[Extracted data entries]
§
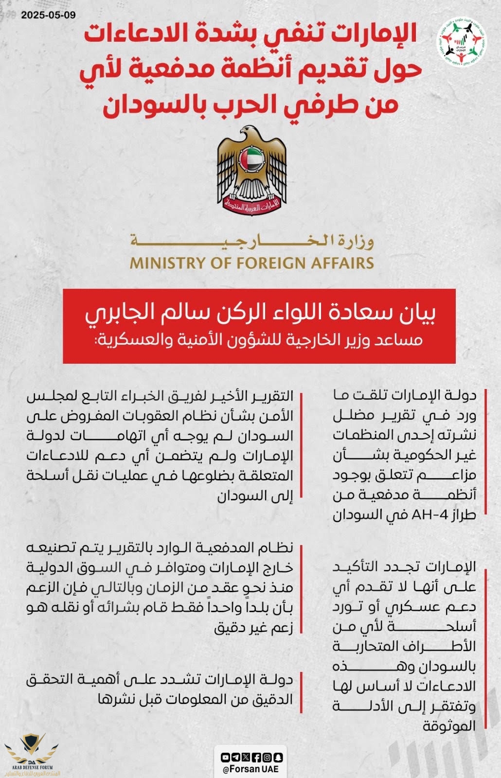 الامارات خلال الحرب الاهليه في سودان نعم تم تصدير العديد من الذخائر وكان احد اطراف الحرب
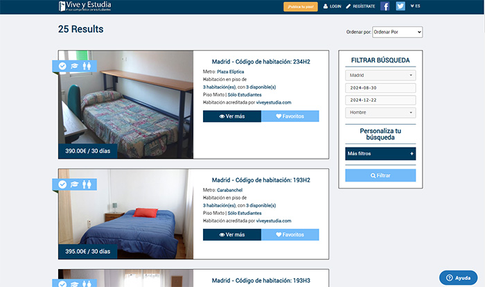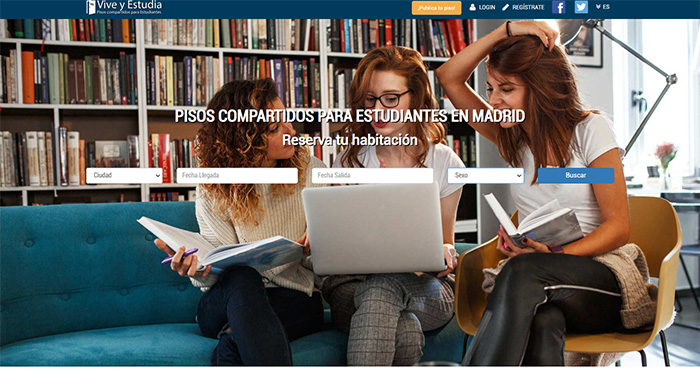 El portal Vive y Estudia cuenta con anuncios de alquiler de habitaciones para estudiantes en Madrid. A diferencia de otros portales que mencionamos en esta información, este solamente ofrece alquileres de pisos compartidos en Madrid.
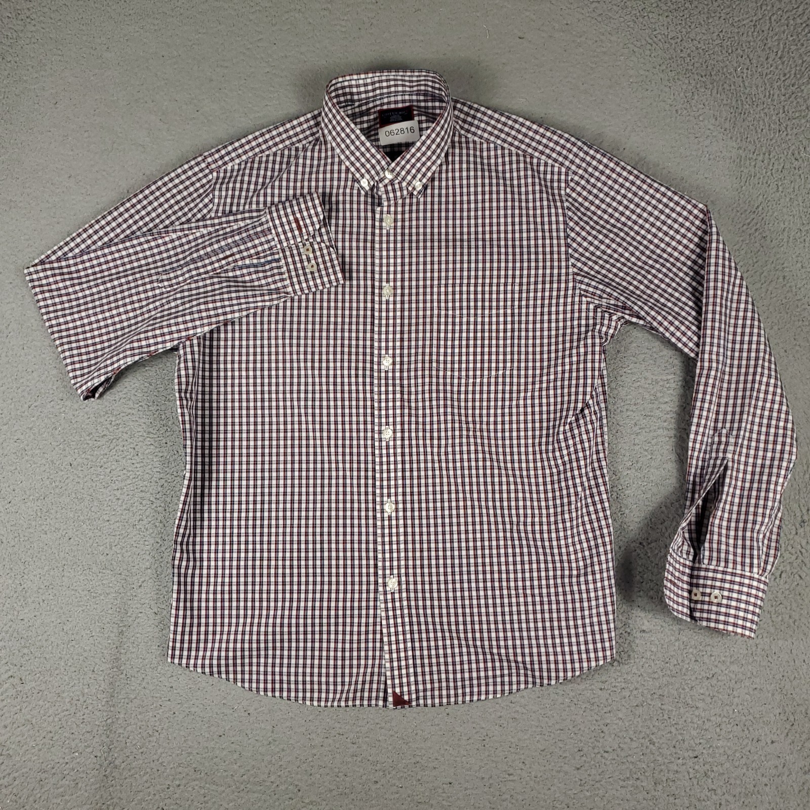 как выглядит UNTUCKit Shirt Mens Size Large Red Blue Plaid Casual Button Up Long Sleeve фото
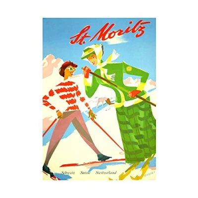 Wee Blue Coo Winter Sport St Moritz Switzerland Skiing Alpine Picture Wall Art Print
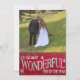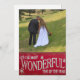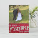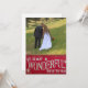 Un cartel rojo y blanco de estilo antiguo con decoración de copos de nieve declara que es el momento más maravilloso del año en esta tarjeta de foto de Navidad. Tu propia fotografía ocupa el centro del escenario en la parte superior. La parte posterior de la tarjeta tiene tres campos para el texto de su personalizado y el mensaje personal.
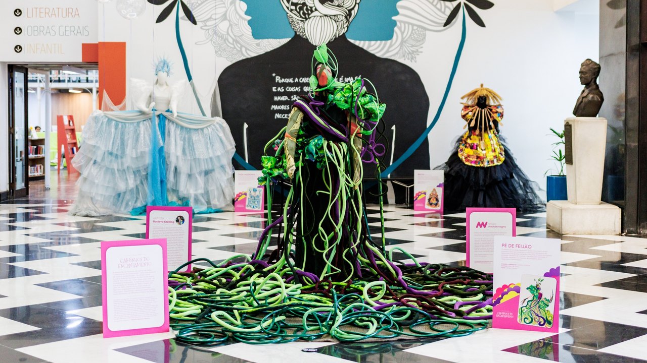 Ao todo, a exposição na Biblioteca Pública do Paraná conta com 10 figurinos expostos: Bruxa (João e Maria), Pé de Feijão, Fada Madrinha (Cinderela), Madrasta (Cinderela), Cinderela, Chapeuzinho Vermelho, Pequena Sereia, Príncipe Encantado, Espantalho (O Mágico de Oz), e Fada Primavera (A Bela Adormecida). Entre os destaques da mostra está o figurino da Pequena Sereia, confeccionado especialmente para a temporada portuguesa, que leva colheres de plástico e garrafas pet; e o Pé de Feijão, feito com mangueiras de jardim, espumas e tubos corrugados pintados, e peneiras de cozinha.
§
Without the images, print all of the lines above exactly.

Result for this exercise —
 الامارات خلال الحرب الاهليه في سودان نعم تم تصدير العديد من الذخائر وكان احد اطراف الحرب
 El portal Vive y Estudia cuenta con anuncios de alquiler de habitaciones para estudiantes en Madrid. A diferencia de otros portales que mencionamos en esta información, este solamente ofrece alquileres de pisos compartidos en Madrid.
 как выглядит UNTUCKit Shirt Mens Size Large Red Blue Plaid Casual Button Up Long Sleeve фото
 Wee Blue Coo Winter Sport St Moritz Switzerland Skiing Alpine Picture Wall Art Print
 Un cartel rojo y blanco de estilo antiguo con decoración de copos de nieve declara que es el momento más maravilloso del año en esta tarjeta de foto de Navidad. Tu propia fotografía ocupa el centro del escenario en la parte superior. La parte posterior de la tarjeta tiene tres campos para el texto de su personalizado y el mensaje personal.
 Ao todo, a exposição na Biblioteca Pública do Paraná conta com 10 figurinos expostos: Bruxa (João e Maria), Pé de Feijão, Fada Madrinha (Cinderela), Madrasta (Cinderela), Cinderela, Chapeuzinho Vermelho, Pequena Sereia, Príncipe Encantado, Espantalho (O Mágico de Oz), e Fada Primavera (A Bela Adormecida). Entre os destaques da mostra está o figurino da Pequena Sereia, confeccionado especialmente para a temporada portuguesa, que leva colheres de plástico e garrafas pet; e o Pé de Feijão, feito com mangueiras de jardim, espumas e tubos corrugados pintados, e peneiras de cozinha.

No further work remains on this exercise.